Shiny New Documentary
Like many in my circle, I watched Shiny, Happy People on Prime Video. It is the latest in a too-long list of cult documentaries available for streaming. More than a limited series about the Duggars, it is a scathing piece on the practices of the IBLP. The Institute of Basic Life Principles was advertised as a homeschool curriculum guaranteed to educate children better than any Christian or public school ever could. It didn’t deliver. Instead, it produced a generation of poorly educated adults who were trained to obey without hesitation. Men were told that in their houses, they were the undisputed leader of their own homegrown group of believers. Women were taught to be selfless servants whose bodies would be used to create a quiver full of babies. Older children raised and taught their younger siblings — losing their childhoods in the process.
https://www.amazon.com/gp/video/detail/B0B8TSG92M/ref=atv_dp_share_cu_r
While the documentary was fascinating, the information wasn’t new.

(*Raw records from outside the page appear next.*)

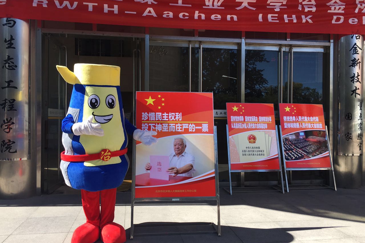 2016年9月19日上午,为落实海淀区人大代表换届选举工作,冶金与生态工程学院在冶金生态楼门前设置了宣传站点,学院机关党支部党员教师对广大师生进行了人大代表换届选举知识的普及工作。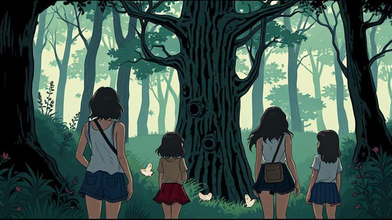 The friends looked at each other, laughter spilling forth while sunlight broke through the branches above, revealing a path leading away, bright and inviting.
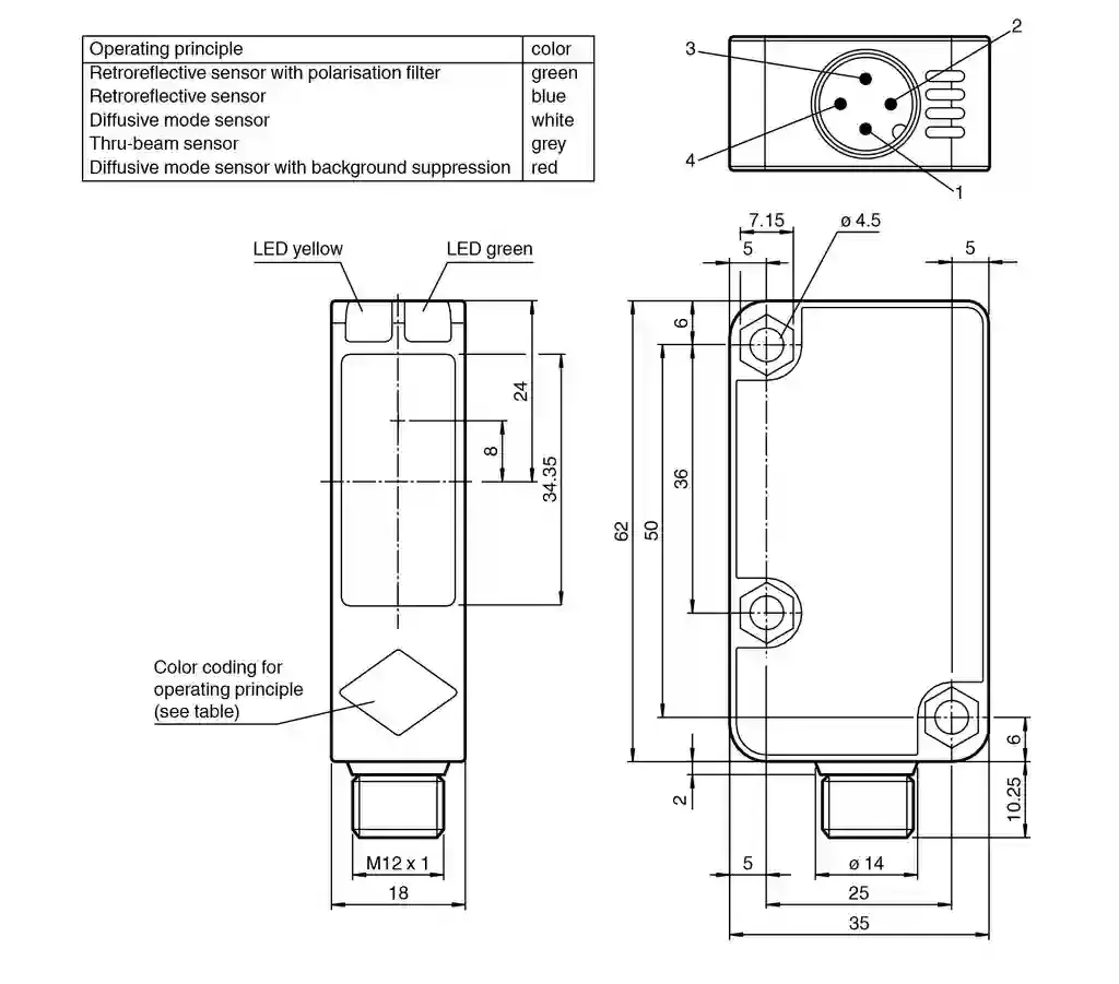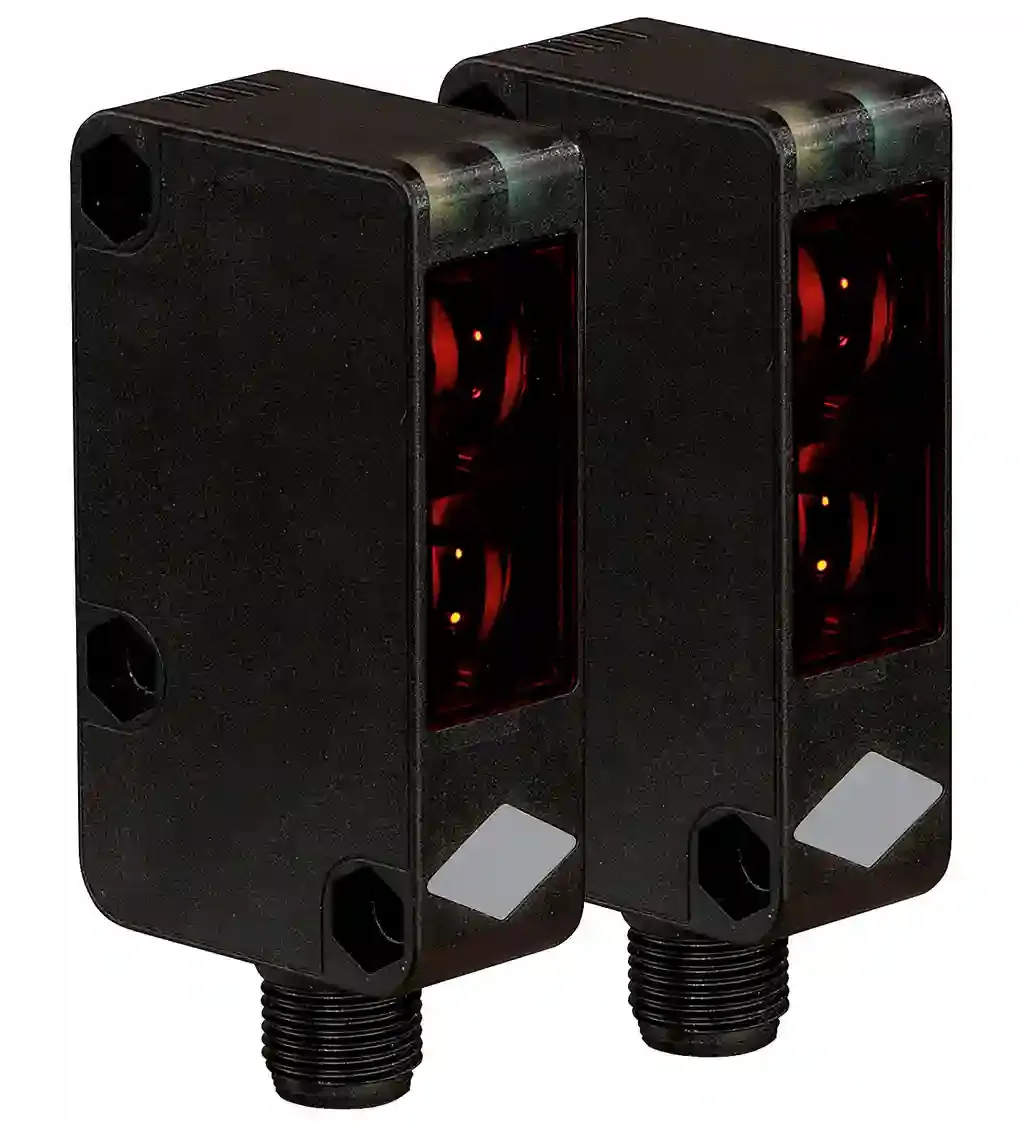 Thru-beam sensor. Thru-beam sensor, 30 m detection range, red light, dark on, DC version, 2 push-pull outputs, emitter switch-off, M12 plug, Highly visible LED, Powerful push-pull output, Compact and stable housing, Protection class II. Emitter: LD31/73c/76a. Receiver: LV31/73c/136. Effective detection range: 0 … 30 m. Threshold detection range: 43 m. Light source: LED. Light type: modulated visible red light , 630 nm. Alignment aid: LED yellow:1. LED illuminates: Sufficient light signal received, emitter and receiver alignment is correct 2. LED flashes: Reaching switching point 3. LED off: Light beam is interrupted or the alignment is out. Diameter of the light spot: approx. 800 mm at a distance of 30 m. Opening angle: Emitter: 1.5 ° , Receiver: 1.5 °. Ambient light limit: 50000 Lux ; according to EN 60947-5-2. MTTFd: 750 a. Mission Time (TM): 20 a. Diagnostic Coverage (DC): 0 %. Operation indicator: LED green: power on. Function indicator: LED yellow:1. LED lit constantly: signal > 2 x switching point (operating reserve)2. LED flashes: signal between 1 x switching point and 2 x switching point3. LED off: signal < switching point. Operating voltage: 10 … 30 V DC. Ripple: 10 %. No-load supply current: Emitter: ≤ 18 mA Receiver: ≤ 18 mA. Test input: emitter deactivation at +UB. Switching type: dark-on. Signal output: 2 push-pull (4 in 1) outputs, short-circuit protected, reverse polarity protected. Switching voltage: max. 30 V DC. Switching current: max. 100 mA. Voltage drop: ≤ 1.5 V. Switching frequency: ≤ 250 Hz. Response time: ≤ 2 ms. Product standard: EN 60947-5-2. Protection class: II , rated voltage ≤ 250 V AC with pollution degree 1-2 according to IEC 60664-1 Output circuit basis insulation of input circuit according to EN 50178, rated insulation voltage 240 V AC. UL approval: cULus Listed, Class 2 Power Source, Type 1 enclosure. CCC approval: CCC approval / marking not required for products rated ≤36 V. Ambient temperature: -30 … 55 °C (-22 … 131 °F). Storage temperature: -40 … 70 °C (-40 … 158 °F). Degree of protection: IP67. Connection: 4-pin, M12 x 1 connector. Material: . HousingPolycarbonateOptical facePMMA: . Housing: Polycarbonate. Optical face: PMMA. Mass: Emitter: 24 g Receiver: 24 g. Dimensions: . Height62 mmWidth18 mmDepth35 mm: . Height: 62 mm. Width: 18 mm. Depth: 35 mm

Since I write faith-based Christian fiction that exposes spiritual abuse, I’ve become familiar with these patterns and feature them in my novels. (For more information, go to “Menu” at the top of the page and click on “Books by Marbeth Skwarczynski.)
Nearly every cult has the same traits: narcissistic leadership, strict rules governing personal choice, the demand for obedience, and the discouragement of critical thinking. Then come the various types of abuse that result from spiritual manipulation: economic, physical, sexual, and emotional.
The great thing about streaming services becoming saturated with documentaries like Shiny, Happy People is that discussing spiritual and church abuse is more acceptable now than ever before. Of course, it isn’t a new problem — and neither is the discussion — but in previous years, the information as revealed in television shows, movies, plays, novels, and memoirs has been brushed off as a plot point at best or an attack on “the church” that demanded a boycott at the very worst.
Today, we’re less likely to brush off a survivor’s story as a lie and less likely to fall in line behind a charismatic leader just because they are in a leadership position. Or at least, we’re on our way there. And it’s about time.